WORK ITEM -> From the listing below, reproduce exactly the lines starting with the one with "在民警要求下,驾驶人打开车厢" and going on through the one with "The first stop", both ends kept. No picture is copied.
[Start of section]
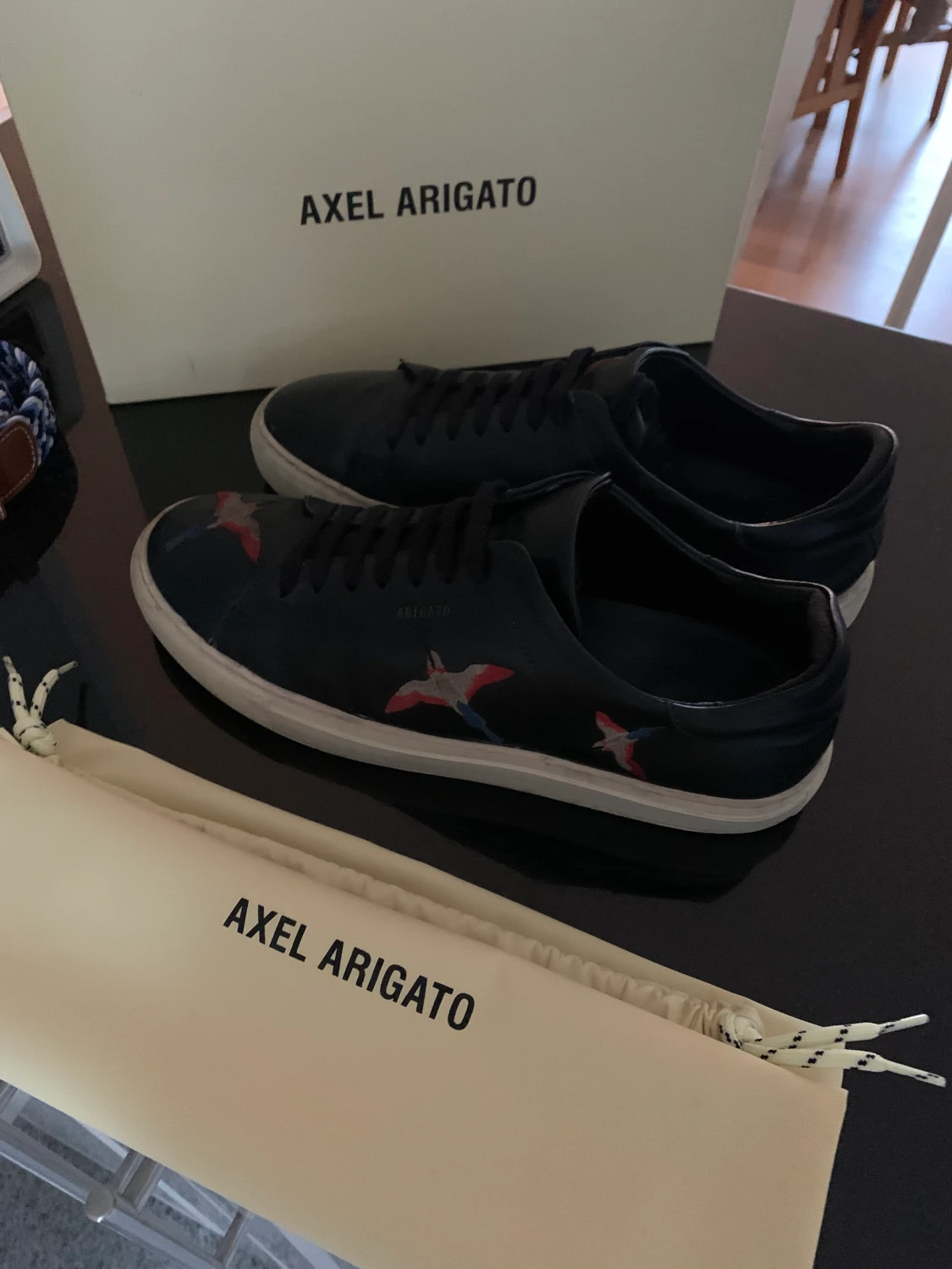 Säljer dessa fina Axel Arigato skorna. Storlek 43. Bra skick. Nypris runt 2500 mitt pris 1100. Box och dustbag medföljer vid köp. Hör av dig om du har några frågor. Pris kan diskuteras vid snabb affär!
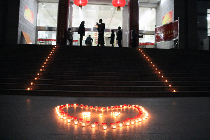 站在桂香园二楼前方很远就能看到楼梯两旁摆放着一排蜡烛,梯前是男生们精心用蜡烛摆放的燃烧的心形,里面写着“3.7”。据了解,入场时,每位女生都将抽到一个抽奖号码,还有一朵红色玫瑰。
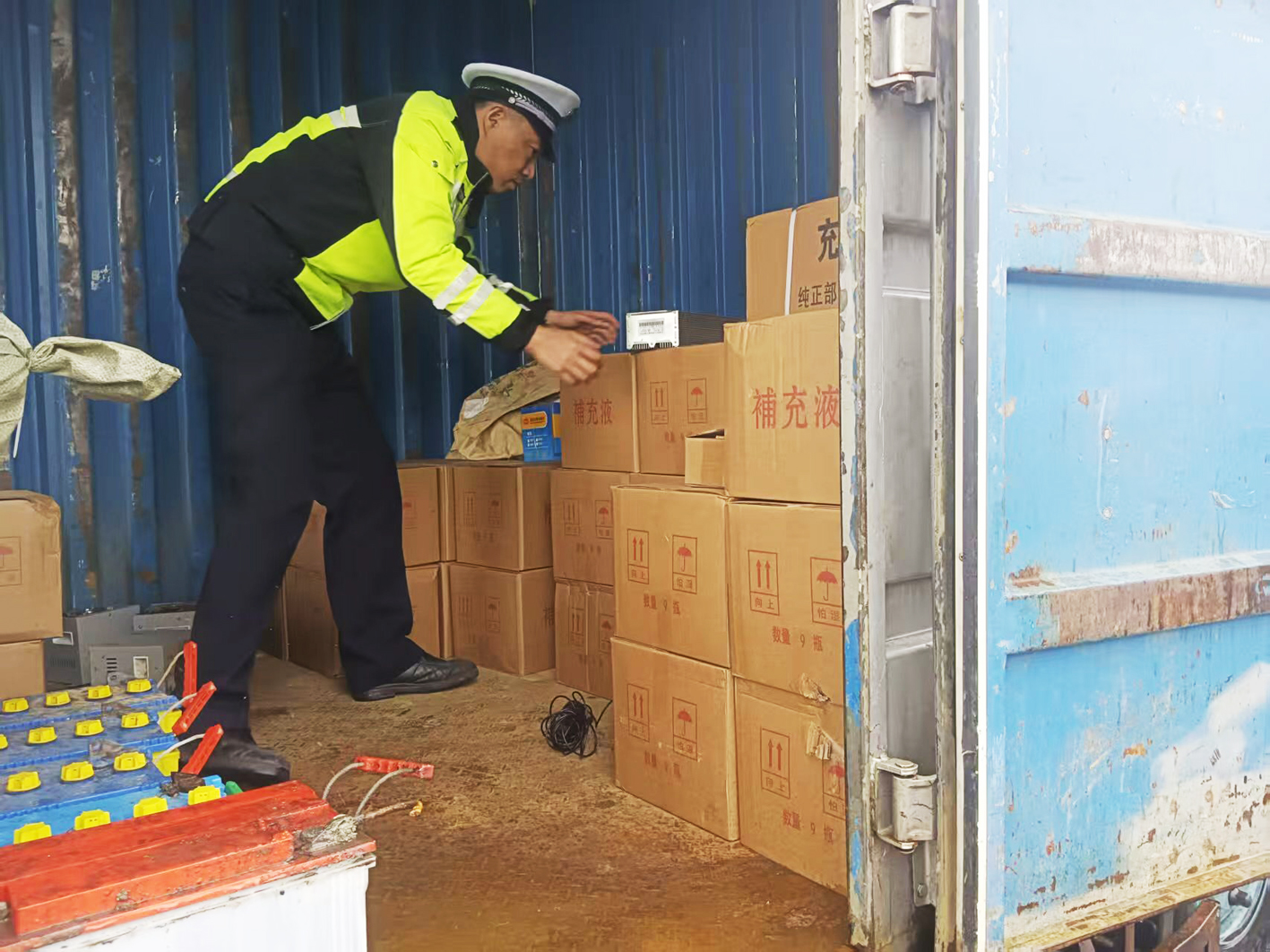 在民警要求下,驾驶人打开车厢,车内装载了大量的电瓶。随后,交通部门执法人员也来到了现场。经证实,这些电瓶是危险品,而这辆轻型货车并没有运输危险品的资质。
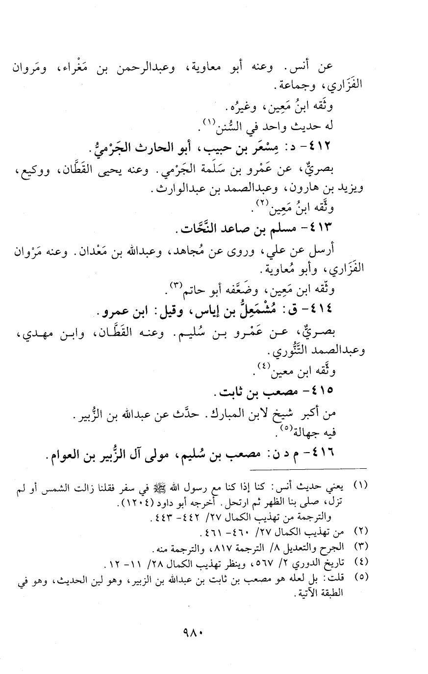 416 - م د ن: مُصْعَبُ بْنُ سُلَيْمٍ، [الوفاة: 141 - 150 ه]
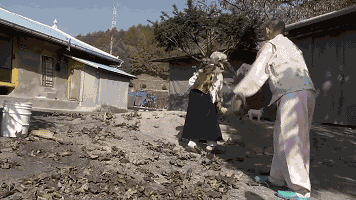 帮奶奶系扣子,熟练的动作早已是几十年的习惯
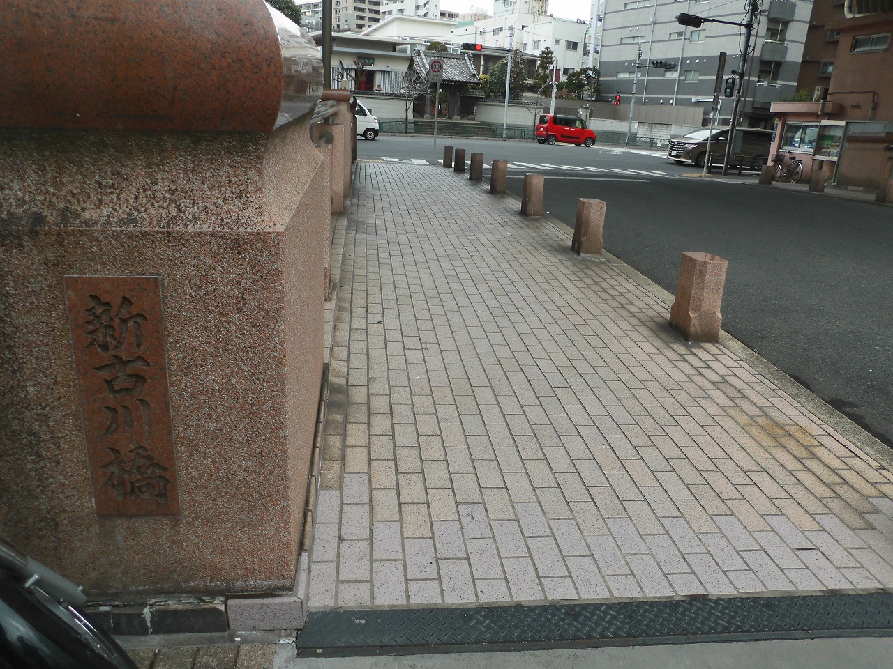 新古川橋(昭和10年3月架設、長さ16.2m、幅11.5mの鋼橋。古川にかかる。平成元年3月架け替え。)
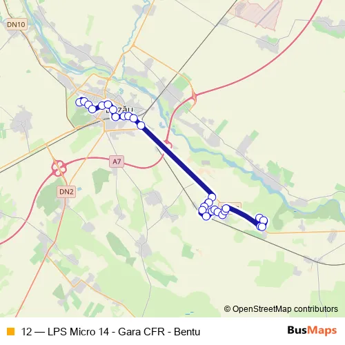 The first stop of the 12 bus route is L.P.S. Micro 14 and the last stop is Bentu. 12 (LPS Micro 14 - Gara CFR - Bentu) is operational during everyday.
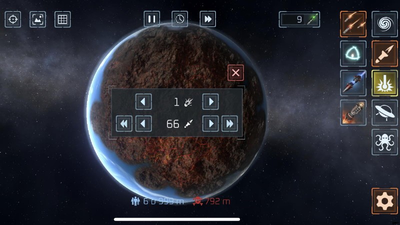 秘密を手に入れるためにオーダー66を執行 達成するには、大規模なミサイル弾幕を使用して惑星を完全に消滅させる必要があります。これを行うには、ミサイルをタップします 右側のボタンをクリックしてから、 が付いた上部のアイコンをタップします ミサイル 3 つ .右下隅に表示される歯車をタップすると、ミサイルの出力 (上のオプション) とミサイルの量 (下のオプション) の 2 つの設定が表示されます。
[End of section]
RESPONSE FOR THIS EXERCISE ->
 在民警要求下,驾驶人打开车厢,车内装载了大量的电瓶。随后,交通部门执法人员也来到了现场。经证实,这些电瓶是危险品,而这辆轻型货车并没有运输危险品的资质。
 416 - م د ن: مُصْعَبُ بْنُ سُلَيْمٍ، [الوفاة: 141 - 150 ه]
 帮奶奶系扣子,熟练的动作早已是几十年的习惯
 新古川橋(昭和10年3月架設、長さ16.2m、幅11.5mの鋼橋。古川にかかる。平成元年3月架け替え。)
 The first stop of the 12 bus route is L.P.S. Micro 14 and the last stop is Bentu. 12 (LPS Micro 14 - Gara CFR - Bentu) is operational during everyday.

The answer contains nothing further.